Simply Inject for React

Simplest dependency injection for React using Context. Nothing fancy...
[Typescript support]
[React 16.+]

(v0.1.0.beta)

Install

npm i @symplx/inject-react

Requirements

If you want to utilize decorators and especially Injections capability it will be necessary to enable support for them. If you choose not to use decorators, you can still manage your dependencies using factories.

React create-react-app and react-scripts configurations do not natively support Decorators. However, there are some plugins available that can help you incorporate this functionality into your project.

To begin, I recommend using the babel-plugin-transform-typescript-metadata plugin, as it enables the parsing of decorators using the "@" symbol. Additionally, ensure that the experimentalDecorators and emitDecoratorMetadata options in your tsconfig.json file are set to true.

In order to fully leverage decorators, it may be beneficial to include the @babel/plugin-proposal-decorators and @babel/plugin-proposal-class-properties plugins. These will provide additional support and capabilities for working with decorators in your codebase.
Furthermore, if you'd like to enable path aliases, allowing for more concise import statements, you'll need to make adjustments to the webpack configuration without ejecting the application. One option I personally recommend which allows you to customize the create-react-app configuration is using react-app-rewired with customize-cra but there are other options...
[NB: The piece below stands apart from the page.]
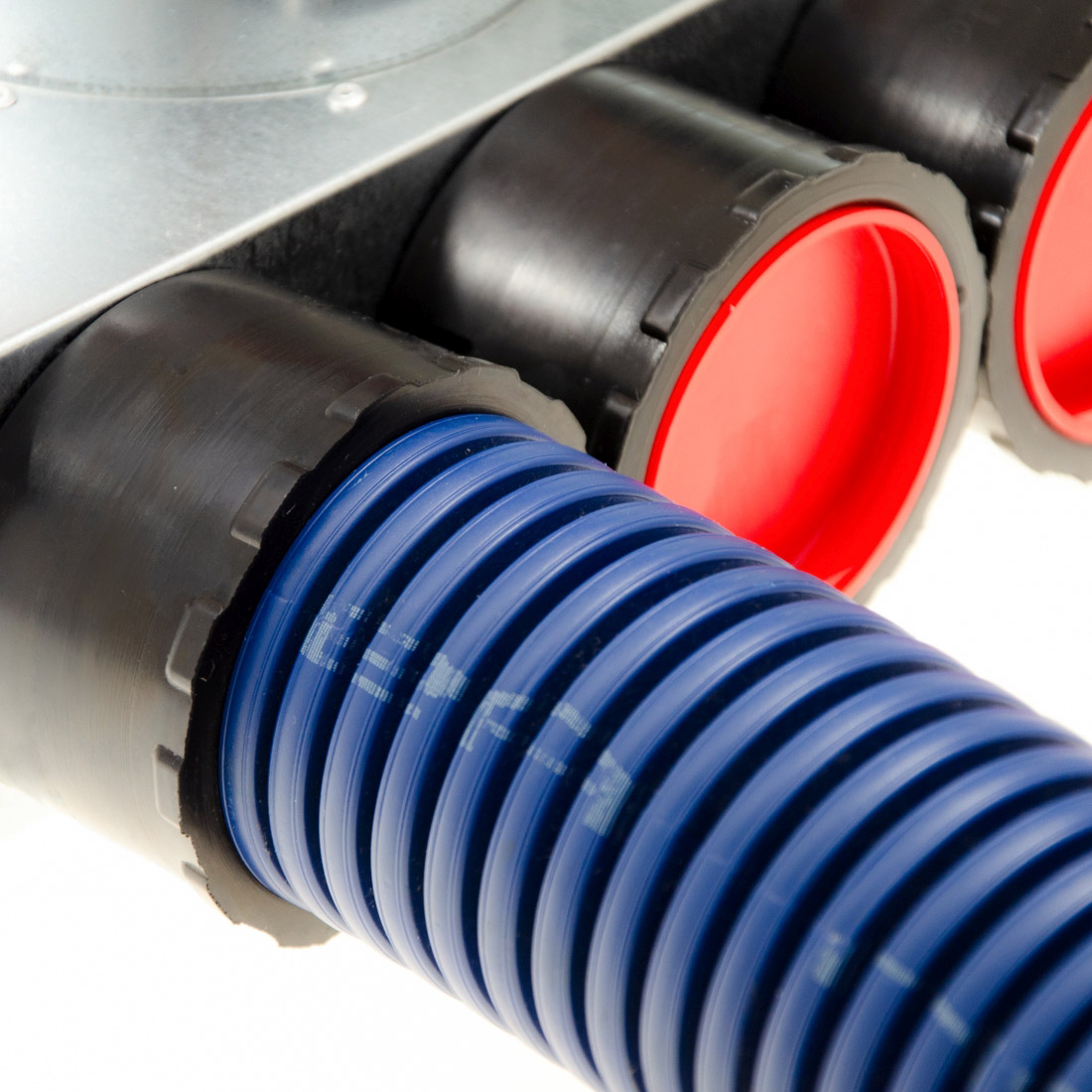 Наші колектори оснащені інноваційними, самостійними гумовими з'єднаннями , які виконують функцію прокладки, усуваючи необхідність використання додаткових аксесуарів. Просто просуньте трубу до першого вуглецю, а гнучкий матеріал негайно адаптується до форми, забезпечуючи міцне та щільне з'єднання. Це не тільки заощадження часу, але й впевненість у тому, що установка не містить витоків і відповідає найвищим стандартам ефективності.

npm i -D react-app-rewired customize-cra babel-plugin-transform-typescript-metadata @babel/plugin-proposal-decorators @babel/plugin-proposal-class-properties

// config-overrides.js
const path = require('path');
const { useBabelRc, override, addWebpackAlias } = require('customize-cra');

module.exports = override(useBabelRc());

// .babelrc.js
module.exports = {
  plugins: [
    'babel-plugin-transform-typescript-metadata',
    ['@babel/plugin-proposal-decorators', { legacy: true }],
    ['@babel/plugin-proposal-class-properties', { loose: true }],
  ],
};

To enable decorators in your application, you need to add support for reflect-metadata. This can be done by including the following line at the beginning of your index.tsx file:

// index.tsx
import 'reflect-metadata';

By importing the reflect-metadata package, you ensure that the necessary metadata reflection capabilities are available to support decorators throughout your application. Make sure to add this import statement at the top of your index.tsx file, before any other code, to ensure that the metadata support is initialized from the beginning.

Decorators

Basics

To add dependency injection and resolve implementations, you should wrap your components with a DependencyProvider and provide the necessary dependencies. Here's an example of how you can achieve this:

// App.tsx
<DependencyProvider provide={[provideClass(MyServiceAbstract, MyServiceConcrete)]}>
  {/* Components that will use Provider */}
  <SomeComponent />
</DependencyProvider>

To resolve the dependency, you can utilize the useResolver hook. This hook already includes memoization functionality, ensuring efficient dependency resolution. Make sure to pass the dependencies array as the last parameter. This will ensure that the resolver function is re-evaluated only when the dependencies change, optimizing performance.

// SomeComponent.tsx
const myService = useResolver(MyServiceAbstract);
return <>{myService.value}</>;

// MyService.ts
export abstract class MyServiceAbstract {
  value?: string;
}

@Injectable()
export class MyServiceConcrete extends MyServiceAbstract {
  value = 'Hello Service';
}

You have the flexibility to nest DependencyProvider within each other to override dependencies. When a child DependencyProvider is nested inside a parent, it has access to the dependencies provided by the parent. This allows you to selectively override specific dependencies at different levels of your component tree, providing a granular control over dependency injection.

Providers

In your dependency injection setup, you have the flexibility to provide implementations using classes, factories, or values

provideClass(MyServiceAbstract, MyServiceConcrete);

provideFactory(MyServiceAbstract, ()=>new MyServiceConcrete());

const SERVICE = new StaticKey<IService>("SERVICE");
provideValue(SERVICE, { ... });

Lifetime

There are four different lifetimes available for managing the lifespan of dependencies:

1. Scoped (default): Scoped lifetime means that a single instance of the dependency is created and shared within the scope of the DependencyProvider, all dependencies within that scope will share the same instance.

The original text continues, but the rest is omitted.